Beats | September 29, 2016

#Shifts September: New Theses, Markets and Signals Guiding Impact Investors

ImpactAlpha
The team at

ImpactAlpha

Welcome to #Shifts, ImpactAlpha’s monthly roundup of the ideas and trends driving impact investing. In this edition: investors see opportunity in scaling impact companies, fintech is on fire in Mexico, and human rights is investable. #Shifts happen.

THESES: Provocative investment propositions

Growth capital to scale proven impact business models. Last week, with the announcement of TPG’s Rise Fund, impact investing welcomed the possibility of its first billion dollar fund. The fund’s represents a relatively new thesis in the market: the high-growth potential of high-impact enterprises in emerging markets. The new fund, writes Snigdha Sengupta, could “become an important source for the much-needed follow-on growth capital that impact businesses generally find hard to access from conventional private equity investors.” (LiveMint)

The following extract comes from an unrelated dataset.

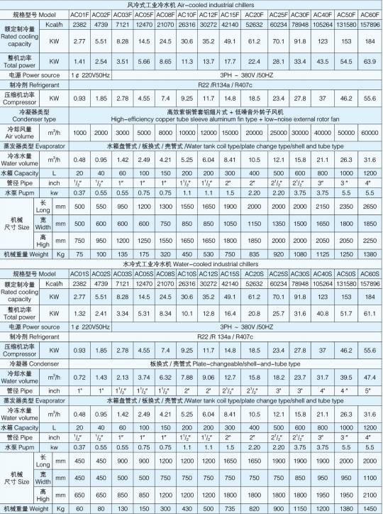 AC系列工业冷水机具有体积小、安装使用方便、在室内可任意移动等特点。压缩机、水泵、温控表、压力控制等优选使用全球知名品牌产品,可靠性高,噪声低。蒸发器采用纯钛金属或不锈钢材质制成,耐腐蚀、抗冻、这类机型被广泛地用于扫描电镜、原子吸收、ICP、激光器、真空镀模机、离子刻蚀机、氧氮分析仪、衍射仪、荧光光谱仪等科学仪器中,以及电子制造、焊接机器人、氦气压缩机、真空炉、反应釜、医药化工、食品饮料、 超声波、印刷医疗仪器、机床设备及液压系统等等各种工业冷却领域中。

Talent + challenge = opportunities in Latin America. A potent mix of high social inequality, an entrepreneurial culture and young folks that want progress is creating impact investing opportunities in Latin America. Local and international investors have deployed $1.3 billion in the region through 520 deals — largely in “impact” enterprises to create formal jobs and deliver services such as education and healthcare, in just the last two years. (ANDE report)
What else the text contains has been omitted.